Cerebras Systems' IPO bookbuild reached Day 5 Friday with Bloomberg's May 5 report — confirmed across the trading week — that lead bookrunners are requiring limit-only orders from institutional investors. [1] The order book stands above $10 billion in indications of interest against $3.5 billion of paper available at the $115-$125 / $26.6 billion band, roughly 3x oversubscribed. Pricing remains scheduled for May 13 (T-5), with trading May 14 (T-6) on Nasdaq under CBRS. [2] Andrew Feldman, the CEO and co-founder, is not selling shares in the offering. [3]
The May 7 paper opened the file on the bookbuild as a referendum on customer concentration with $10B+ IOIs against $3.5B offered. Today's standard advances the structural signal: the Bloomberg-confirmed limit-only requirement. Anthony Hughes and Bailey Lipschultz at Bloomberg reported on May 5 that Morgan Stanley, leading the offering, is "seeking so-called limit orders to help the company and the underwriters gauge the true level of demand at different valuations." [1] The mechanism is the bookrunner's tool for pricing discipline when oversubscription threatens to produce a market-order pile-on at the open. The mechanism's deployment is the news.
Limit-only requirements at this stage of a bookbuild signal two things at once. First, demand is strong enough that bookrunners can dictate order specificity — the order book is no longer an open invitation but a price-discovery exercise. Second, the bookrunners are prepared to leave the price at $115-$125 rather than tighten the band higher. The original chatter at Monday's open was Cerebras targeting up to $4 billion in proceeds at a $40 billion valuation; the actual S-1/A landed at $3.5 billion at $26.6 billion. The walk-back from $40B to $26.6B was a 33% valuation cut at filing. The limit-only requirement is the bookrunners protecting that cut from being overrun by trading-day volatility.
The arithmetic the limit-only mechanism prices remains the OpenAI counterparty triangle. Cerebras's 2025 booked revenue was $510 million, with $87.9 million in Q4 2025 net income. [3] At the high end of the range, the IPO values the company at roughly 78x trailing sales. The OpenAI compute agreement signed in January 2026 — 750 megawatts of inference capacity through 2028, worth more than $20 billion, with a 1.25 GW expansion option and a $1 billion working-capital loan — is the contract that closes the multiple. [3] Public filings indicate more than 60% of contracted forward Cerebras revenue is concentrated in that single customer.

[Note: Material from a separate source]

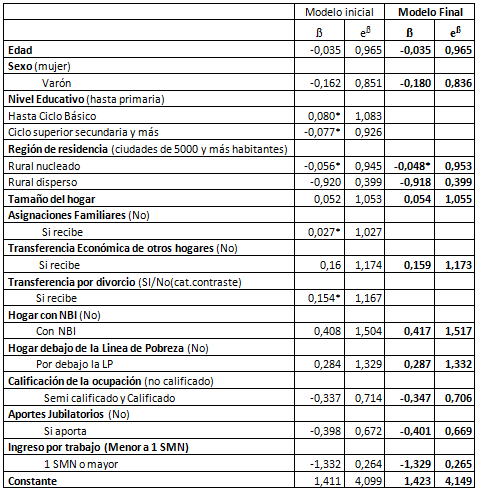 El segundo paso en la construcción de este modelo es el ajuste con todas las variables señaladas anteriormente, de forma de confirmar que todas deben permanecer en el modelo o, por el contrario, descartar aquellas variables que no resultaron con significación estadística, lo que implica que su variación no impacta en la probabilidad o chances de ocurrencia del fenómeno bajo estudio; en definitiva, que no aporta a su explicación. Esta situación se dio con tres de las variables incorporadas: nivel educativo del asalariado, asignaciones familiares en el hogar y transferencias económicas privadas por divorcio en el hogar.

The Brockman trial transcript exposure is the other documentary risk inside the prospectus window. Greg Brockman, OpenAI's president, confirmed under oath in Oakland federal court Monday that he holds a personal stake in Cerebras while serving as OpenAI's president. [4] Public filings indicate Brockman acquired the stake — reported at $2.8 million in initial value — during the period when OpenAI-Cerebras acquisition discussions were active. The prospectus risk-factor section as currently drafted catalogs OpenAI as the anchor customer but does not name Brockman individually. Whether Cerebras's lawyers update the risk-factor section to incorporate the Brockman trial transcript before pricing is a procedural question with five business days to resolve.
The bookrunner architecture matters for downside. Morgan Stanley, Citigroup, Barclays, and UBS are the four lead book-running managers. Mizuho and TD Cowen are bookrunners. Eight co-managers — Needham, Craig-Hallum, Wedbush, Rosenblatt, Academy Securities, Crédit Agricole CIB, MUFG, and First Citizens — round out the syndicate. [5] [3] No bank has pulled from the syndicate. The limit-only requirement is the four-bank consortium's collective discipline; whether any single bank breaks the discipline before May 13 is the open syndicate question.
The lockup architecture is what holds Feldman's incentive in line with the public-market price. Cerebras's 171.1 million-share lock-up runs to Q3 earnings plus 180 days. Feldman owns 10.3 million Class B shares post-IPO with 99.2% Class B voting power. [3] At the $125 high end, his stake is worth $1.28 billion at IPO. The lock-up holds him in for two more earnings cycles. The institutional buyers required to submit limit orders are pricing into a stock structure where insider control is permanent and dilution from secondary sales is constrained for the next eighteen months at minimum.
Friday's IOI book at above $10 billion against $3.5 billion of paper is, on its face, a positive signal. The limit-only requirement is the bookrunner's interpretation of that signal as needing structure. The market's read of the structure between now and Wednesday's pricing is what the next five trading days produce. CNBC reported Tiger Global is among the participants at the Series H level; sovereign-wealth participation is rumored at the $1.5 billion-plus level. [6] Names will not appear in the final allocation; the limit orders submitted into the book will determine which institutions receive what proportion of the 28 million shares offered, plus the 4.2 million-share underwriter overallotment.
Pricing T-5. Trading T-6. The Brockman risk-factor disclosure window has five business days to update before the prospectus is final. The IOI book holds above $10 billion. The CBRS open will read the limit-order discipline.